> [EXERCISE AIM] Would you repeat each line below exactly, without the pictures?

** DATASET EXTRACT follows **

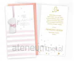 Otwierana kartka, pusta w środku, wykonana na papierze (z certyfikatem EFC) z wyraźnie widoczną fakturą. W zestawie ekologiczna koperta.
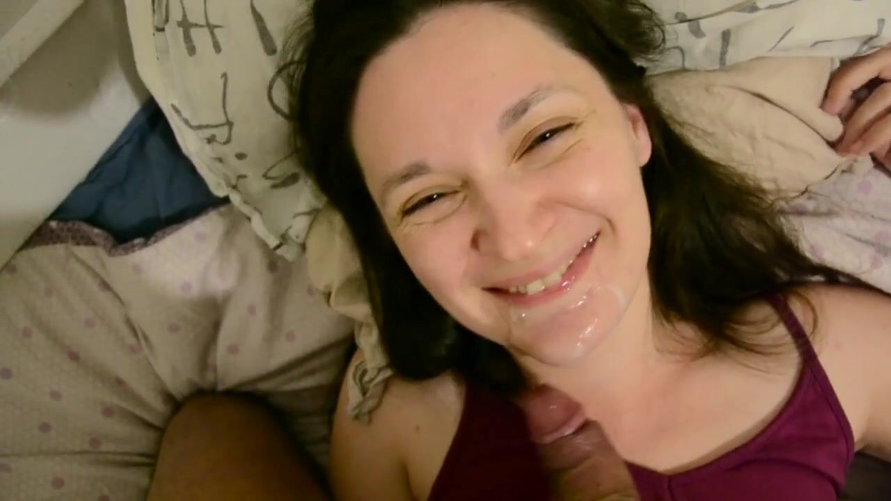 2 ejaculations on the tongue for a pretty brunette with blue eyes
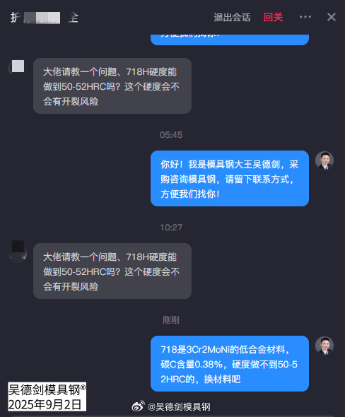 网友私信问:大佬请教一个问题、718H硬度能做到50-52HRC吗?这个硬度会不会有开裂风险。

** End of DATASET EXTRACT **

> [OUTPUT BELOW]
 Otwierana kartka, pusta w środku, wykonana na papierze (z certyfikatem EFC) z wyraźnie widoczną fakturą. W zestawie ekologiczna koperta.
 2 ejaculations on the tongue for a pretty brunette with blue eyes
 网友私信问:大佬请教一个问题、718H硬度能做到50-52HRC吗?这个硬度会不会有开裂风险。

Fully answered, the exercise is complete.